Look, suppose child A can stumble through a page of text, stopping to sound out some words, getting some wrong, giving up if they're too long, and not understand the text properly at all; and child B just reads it aloud with expression and understanding. Would you honestly say child A is a better reader? I think most people would say child B is the better reader now; child A might have the more useful skills to be a strong reader in the long term.

I could well believe if OP's child is slightly towards the position of child B, they might be in a higher reading group working on comprehension skills and stuff, but a lower phonics group to catch those skills up. After all reading lower level books wouldn't help B learn phonics because they'd just know all the words.

On the other hand it could just be an administrative error or a misunderstanding, so I'd ask the teacher if it was my child.

mrz · 03/07/2016 17:42

If child B can accurately read any word they meet then they will easily pass the phonics screening check

AYD2MITalkTalk · 03/07/2016 18:10

I'm not six, true Grin I do need to skim-read a lot, though, and it's not always to find parts to read in more detail.

Even those fortunate children who manage to work it out benefit from direct systematic phonic instruction to ensure there are no gaps in their knowledge.

Not true.
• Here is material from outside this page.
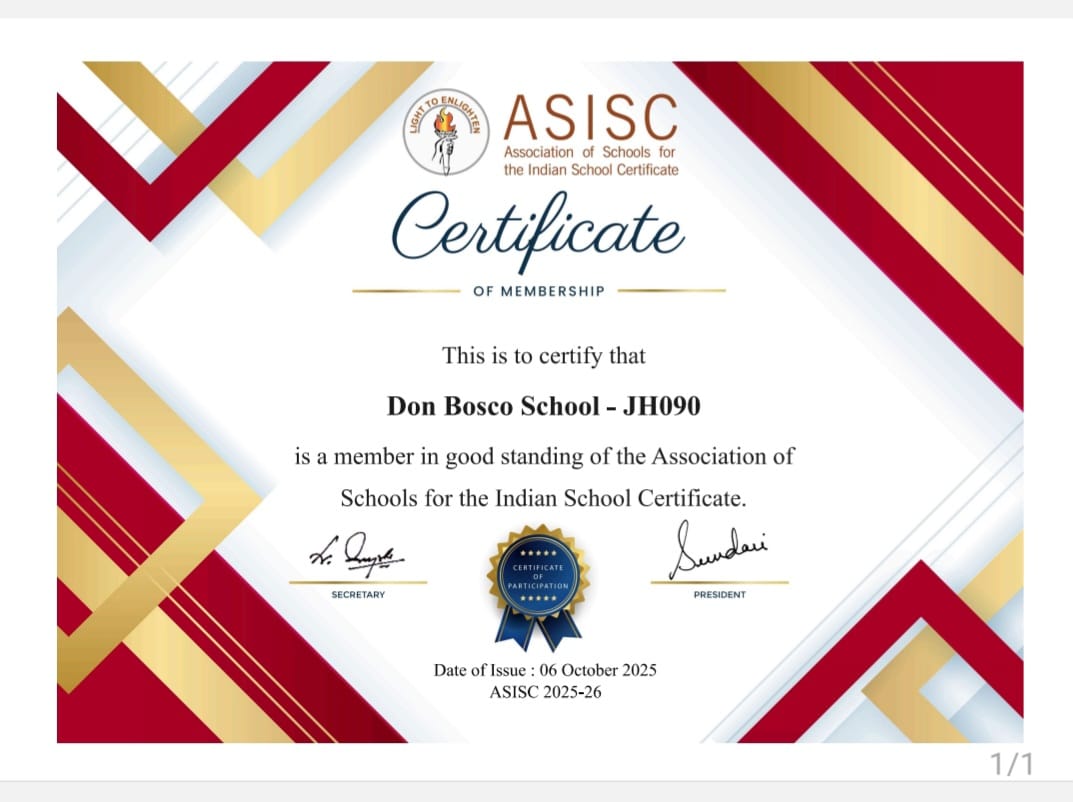 DON BOSCO SCHOOL aims at the all – round formation of the students. While students are helped to understand, appreciate and live their faith, every student receives training in habits of study, discipline, self-reliance and moral values so as to become worthy citizens of our country.

For me it was the beginning of turning me off education - the realisation that school was a factory and that lessons were going to be mostly boring or irrelevant or both. You don't teach a child to love learning by making them go over and over things they know already. I know that tailoring instruction to the child is unpopular with a lot of phonics enthusiasts (I agree that phonics is the best way to teach a child to read), though.

mrz · 03/07/2016 18:22

I very much doubt you were taught the type of phonics used by schools today (as you aren't six)

catkind · 03/07/2016 18:22

sirfredfredgeorge, I don't think the things you describe would have different or more vocabulary than the sort of books friend's DD was reading pre phonics. She was not just reading scheme books.

mrz, the hypothetical child B can't decode so fails the phonics test. Excuse my quoting other threads, but don't you have personal experience of a child who can read amazingly but still struggle with phonics? Reading the FT wasn't it?

user789653241 · 03/07/2016 18:41

catkind, really?

HarveySchlumpfenburger · 03/07/2016 18:46

Since when has tailoring instruction to the needs of the pupils been unpopular with phonics enthusiasts? I don't recall anyone saying that every child must start from the beginning and work right the way through regardless of prior knowledge or specific areas of need.

There's nothing that says you can't assess the needs of the child and work from there, differentiating as appropriate in the same way you would in any other lesson.

Whether or not that's actually happening in all schools is different question, but I'm not sure 'phonics enthusiasts' are necessarily to blame for that.